SWE-RM: Execution-Free Feedback for Software Engineering Agents
Published:Dec 26, 2025 08:26
•1 min read
•ArXiv
Analysis
This paper addresses the limitations of execution-based feedback (like unit tests) in training software engineering agents, particularly in reinforcement learning (RL). It highlights the need for more fine-grained feedback and introduces SWE-RM, an execution-free reward model. The paper's significance lies in its exploration of factors crucial for robust reward model training, such as classification accuracy and calibration, and its demonstration of improved performance on both test-time scaling (TTS) and RL tasks. This is important because it offers a new approach to training agents that can solve software engineering tasks more effectively.
Key Takeaways
- •Execution-free feedback via reward models is a promising alternative to execution-based feedback for training SWE agents.

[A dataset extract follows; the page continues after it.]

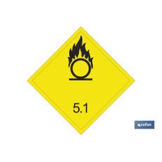 Señalización Adhesivos MATERIAS PELIGROSAS - MATERIAS COMBURENTES. Medidas 100x100mm y 300x300mm. El diseño de la señal puede variar, pero en ningún caso se variará el significado de la misma.

- •The paper identifies classification accuracy and calibration as crucial aspects for robust reward model training in RL.

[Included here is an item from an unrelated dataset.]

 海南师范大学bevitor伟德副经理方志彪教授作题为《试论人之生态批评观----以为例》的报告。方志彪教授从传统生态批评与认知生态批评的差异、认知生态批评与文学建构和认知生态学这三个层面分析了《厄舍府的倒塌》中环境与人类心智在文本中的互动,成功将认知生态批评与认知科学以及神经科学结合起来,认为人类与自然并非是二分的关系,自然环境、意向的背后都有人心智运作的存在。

- •SWE-RM, a mixture-of-experts model, achieves state-of-the-art performance on SWE-Bench Verified.
- •The research provides insights into factors like training data scale, policy mixtures, and data source composition for training effective reward models.
Reference
“SWE-RM substantially improves SWE agents on both TTS and RL performance. For example, it increases the accuracy of Qwen3-Coder-Flash from 51.6% to 62.0%, and Qwen3-Coder-Max from 67.0% to 74.6% on SWE-Bench Verified using TTS, achieving new state-of-the-art performance among open-source models.”